15 thoughts on “Inflation running at 13 percent is characterized as being 8.6 percent

  1. The next wave of coworkers is cashing in its last 3 weeks of housing appreciation & moving to the Fl*rida coast, but closer to Gainesville. They’re not new yorker enough to move to south Fl*rida.

    When the lion kingdom sees the BLS graph, it only sees 10 years where inflation just happened in Calif* instead of the national city average, followed by the last 3 years when the Calif* city average became the national city average. The 1979 rise no longer shows up compared to today. The graph is steeper in the last 3 years than at any other point & every other steep climb led to a recession.

  2. We have all kinds of people in this country who haven’t been doing their proper duty recently, which is to be shock absorbers. They’re shocked now!

    • I didn’t listen to NPR Marketplace today to hear one of their ladies tell me how we’re having a “soft landing” for the economy. As a pilot, I’m sure you’re aware that a “soft landing” as experienced from First Class on an A380 has nothing to do with how violent that “soft landing” is to the tires, struts and the rest of the landing gear. But whatcha gonna do? These are well-engineered aircraft and will last a long time, as long as the shock absorbers don’t collapse.

    • It’s something you have to laugh at or you’d cry: I remember listening to an NPR interview with (former) President of Harvard Larry Summers when he tried to warn people that “too much stimulus” was like leaving the taps on in the bathtub so it overfilled and drained onto the floor, and then trickled down to rain on everything underneath it. He had his 15 seconds of commentary and then station cut away to a couple of chicks who decided not to even consider his warning but instead called for More Cowbell!

      You start to think that we should defund NPR, but that’s unthinkable.

  3. And I have to say that I’m completely shocked, because the Financial Post in Canada is reporting that: “Republicans have blamed Biden’s $1.9 trillion pandemic-relief package for triggering the biggest consumer-price surge in four decades.”

    Oy! What the f**k! I could have heard that from Larry Summers (well-known Republican) on National Public Radio a year or so ago!

    Don’t these people listen to the radio?

  4. Fun fact: the calculation for the “consumer price index” (CPI, aka “inflation) specifically excludes food, housing, and energy … because those prices are deemed “too volatile”. But other than those essentials, inflation is only 8.6%.

  5. Would any reader have any book they can recommend on understanding Inflation and how an investment portfolio should look in an inflationary time?

    • Book in unnecessary. Putin is forcing the Federal Reserve to print Federal Reserve Notes to “fight Putin”. To hedge the inflation, buy a house as they will go up 15% annually basically forever regardless of median salary and it’s a can’t lose investment. Disclaimer, this is for entertainment purposes and not investment advice.

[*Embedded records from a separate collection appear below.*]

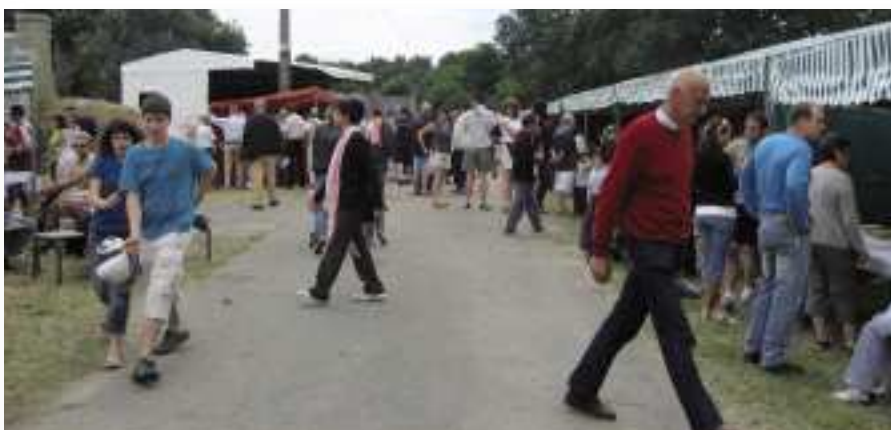
Animation autour du four.

Quel plaisir de se retrouver autour d'un four à pain, à attendre les fournées.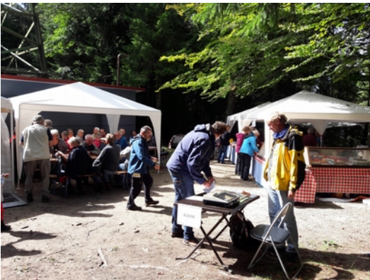
Tag der Heimat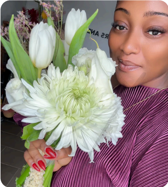
Aura de Nacre 120.000 F CFA

compositions florales nuptiales 100% naturelles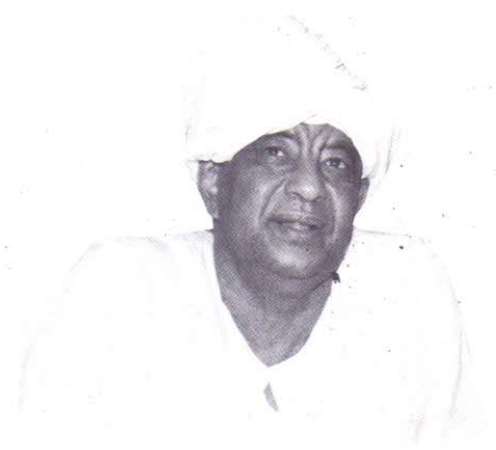
العلاق محمد وردي بين الغناء للنضال والعاطفة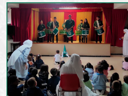
Presentación en la Inmaculada.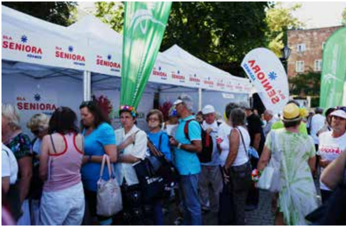
Piknik Pokoleń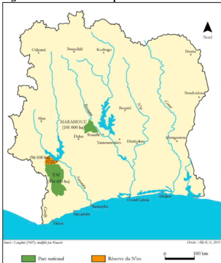
Figure 1: Localisation des parcs nationaux de Taï et de la Marahoué

    • Paul: Yes, it is scary. The historian Stephen Kotkin (who is fiercely pro-Ukraine!) said in a recent interview that it costs something like $40 billion to keep Ukraine afloat for two months. This does not count only weapons but also money for the huge current unemployment etc.

      I wonder how much Europe is printing for the refugee crisis, which won’t help either.

      It is still far less than the COVID-19 crony money in the past two years (so far!).

    • Europe can afford the $40 billion. They will just have to tighten their belt a bit and buy more Renault with the 1L engines and less BMW M-series and Mercedes AMG.

    • How would $40 billion for Ukraine cause inflation in the US fast? Ukraine just refocuses to fight another world power, in this case Russia, something that US has been doing for the past 30+ years. Did US support mujahedin in Afghanistan had affect on US inflation? I doubt it. Probably it cut pork by outsourcing regular US military backdoor deals to cheaper one Afghan (and now Ukrainian).

    • But absolutely, Europe should do it, it should stop spending on crappy nature-wreaking EVs and support Ukraine instead. Per my experience once Europeans discover cheap reliable Japanese gas cars they never look back.

    • The projection was $40 billion every two months or less. We’ll see if it continues.